* [Task instructions] Reproduce precisely the lines of the material below from the line containing "细节:方乃文寄来在日本侵华期" up to and including its last line. Pictures must not be copied.

─── Data shown

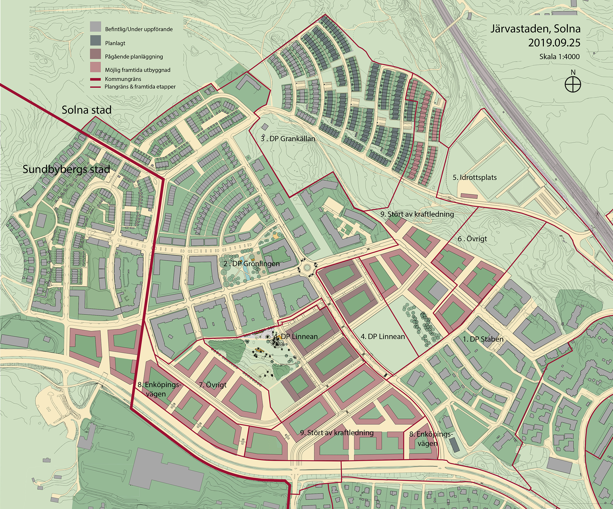 Detaljplanen för den fjärde etappen godkändes av byggnadsnämnden den 16 oktober 2019 och väntas antas av kommunfullmäktige senare i år. Med etapp 4 tillkommer cirka 850 nya lägenheter, med lokaler i gatuplan för till exempel restauranger, butiker och service samt en större förskola. Etapp 5, som är nästa steg i utvecklingen av området, utgörs av idrottsplatsen. De återstående etapperna 6 till 9 som beskrivs i principöverenskommelsen omfattar cirka 3 000 nya lägenheter.
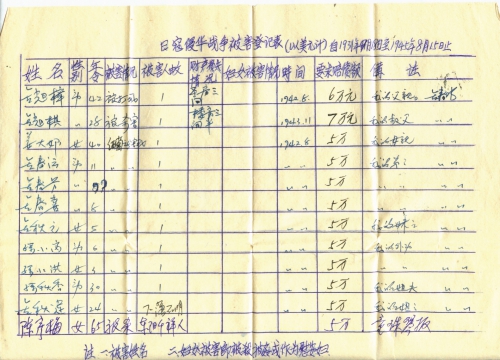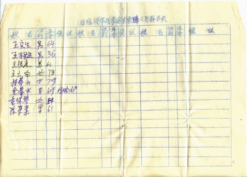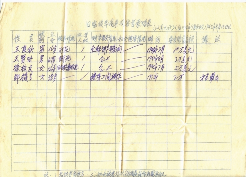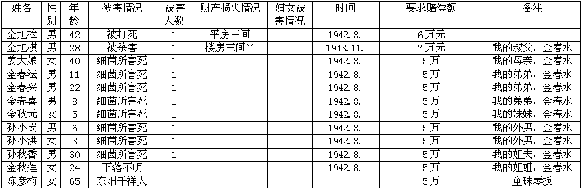 细节:方乃文寄来在日本侵华期间金华市受害者索赔表,有王良秋等人被残害,孙小洪等人1942年8月被细菌战害死,徐松庆1945年7月被毒气弹熏死,邹筱兰家房屋在1937年被日军炸毁。
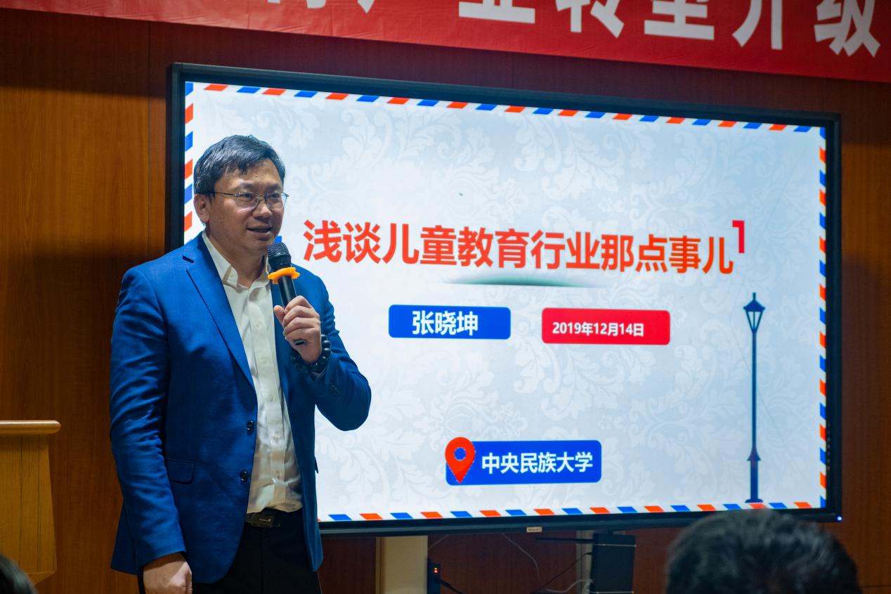 我校88级老校友、北京学前教育协会党支部书记、副会长张晓坤围绕“教育产业发展相关政策及现状”做了发言。张晓坤副会长先从家庭、人口老龄化、基尼系数等多个角度分析了儿童教育行业的发展大环境,其次又主要描述了当下学前教育的状态,聚焦普及、普惠、安全、优质的教育目标,提出向上幼小衔接、向下托育、向左家庭教育、向右培训教育的“纵横捭阖”发展方式,表达了其对中国经济和学前教育发展的乐观态度。我校教育学博士、教授、博士研究生导师史大胜作了“基于面向世界提高教育科学化的幼教产业发展思路——以美国儿童早期阅读教学与产业发展研究为例”的演讲。史大胜教授提出,教育产业转型升级的路径应该是更专业化、科学化。史教授通过对美国早期阅读中拼音教学、全语言教学等幼教教育方法和一些分级阅读测评机构的研究,对我国现今幼儿园更科学的发展提供了建议。

──────

* [Exercise result]
 细节:方乃文寄来在日本侵华期间金华市受害者索赔表,有王良秋等人被残害,孙小洪等人1942年8月被细菌战害死,徐松庆1945年7月被毒气弹熏死,邹筱兰家房屋在1937年被日军炸毁。
 我校88级老校友、北京学前教育协会党支部书记、副会长张晓坤围绕“教育产业发展相关政策及现状”做了发言。张晓坤副会长先从家庭、人口老龄化、基尼系数等多个角度分析了儿童教育行业的发展大环境,其次又主要描述了当下学前教育的状态,聚焦普及、普惠、安全、优质的教育目标,提出向上幼小衔接、向下托育、向左家庭教育、向右培训教育的“纵横捭阖”发展方式,表达了其对中国经济和学前教育发展的乐观态度。我校教育学博士、教授、博士研究生导师史大胜作了“基于面向世界提高教育科学化的幼教产业发展思路——以美国儿童早期阅读教学与产业发展研究为例”的演讲。史大胜教授提出,教育产业转型升级的路径应该是更专业化、科学化。史教授通过对美国早期阅读中拼音教学、全语言教学等幼教教育方法和一些分级阅读测评机构的研究,对我国现今幼儿园更科学的发展提供了建议。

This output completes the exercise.